= Stuart Fullerton =

American entomologist

Stuart M. Fullerton (March 8, 1940 – April 5, 2014) was an American entomologist and academic. Fullerton was the founder of the "Bug Closet", officially known as The Stuart M. Fullerton Collection of Arthropods at the University of Central Florida, which houses a collection of more than 500,000 mounted specimens of insects and other arthropods.

Fullerton was born in Modesto, California, on March 8, 1940. His interest in insects began while working as a staff member at a summer camp in the Sierra Nevadas. He later served in the United States Air Force. He was a graduate of the University of Central Florida.

He became a curator for a number of museums after leaving the Air Force, including institutions in Boston, Montreal, San Antonio and South Carolina. Fullerton also served as the curator of education for the Jacksonville Zoo and Gardens. He made frequent appearances on television news or children's shows with his animals.

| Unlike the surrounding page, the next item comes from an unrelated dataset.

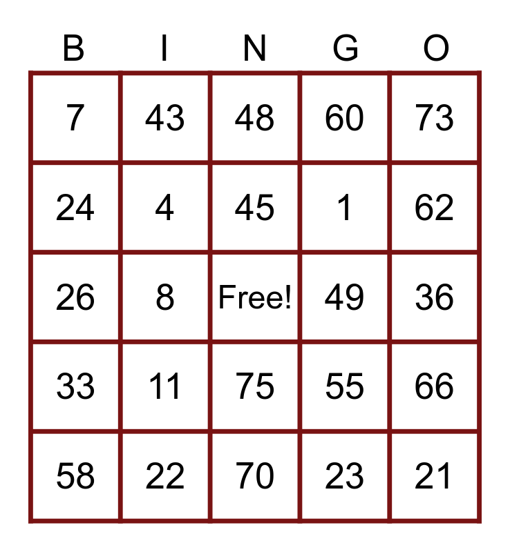 This bingo card has a free space and 24 words: 11, 22, 45, 58, 73, 7, 24, 43, 49, 75, 1, 26, 55, 66, 4, 23, 36, 48, 62, 8, 21, 33, 60 and 70.

Fullerton retired from the museums in 1990. He continued to amass a large collection of insect specimens after retirement. He relocated his collection a larger facility at the University of Central Florida (UCF) in 1993 at the invitation of David Vickers, the chairman of the Department of Biology.

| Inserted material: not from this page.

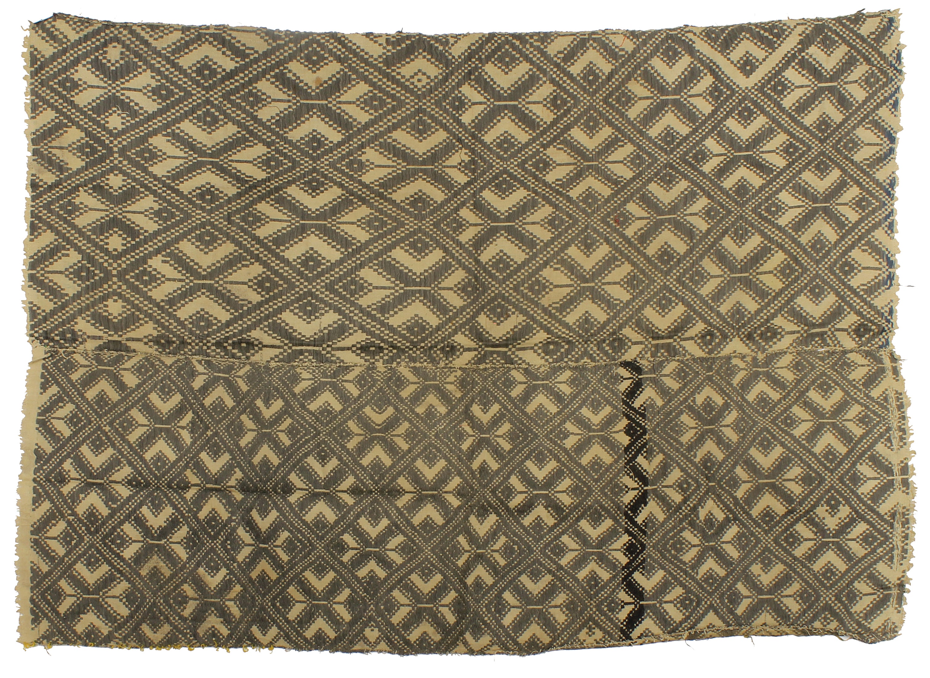 From the mountains of Northern Vietnam, resides the Muong ethnicity. Their signature handwoven blanket, used by the people for warmth during the rainy season of Vietnam. Where temperatures can get well below freezing. With a stunning central woven panel of natural indigo, black, and gray dyes consisting of two bands roughly 12″ each. Many blankets in their full form will have a boarder around the central panel to increase its size. Sometimes the boarder may be removed before selling, or replaced with a newer boarder when the previous gets old. The approximate age is over 40 years, which is sometimes quite evident by patches of fading color or repairs of different colored threads. This blanket measures 50″ x 34″

Fullerton taught UCF entomology lab courses as a volunteer without receiving a salary. He established the Bug Closet, which houses more than a half million insects, many of which are indigenous to Central Florida. Fullerton sought to make the collection the definitive resource for information on insects in Florida. The Bug Closet also contains examples of insects from around the world, including Brazil and Mexico, but it remains dedicated to Central Floridian insects.

Fullerton collected insects found on the UCF campus and recruited undergraduate students to expand the collection. Two species housed in the collection were named in honor of Fullerton. Fullerton also oversaw the digitization of the Bug Closet collection, which made it available online from anywhere in the world. In 2012, Fullerton described Florida's native bees, or hymenoptera, as his favorite group within the Bug Closet.

Stuart Fullerton, a resident of Oviedo, Florida, died on April 5, 2014, at the age of 74.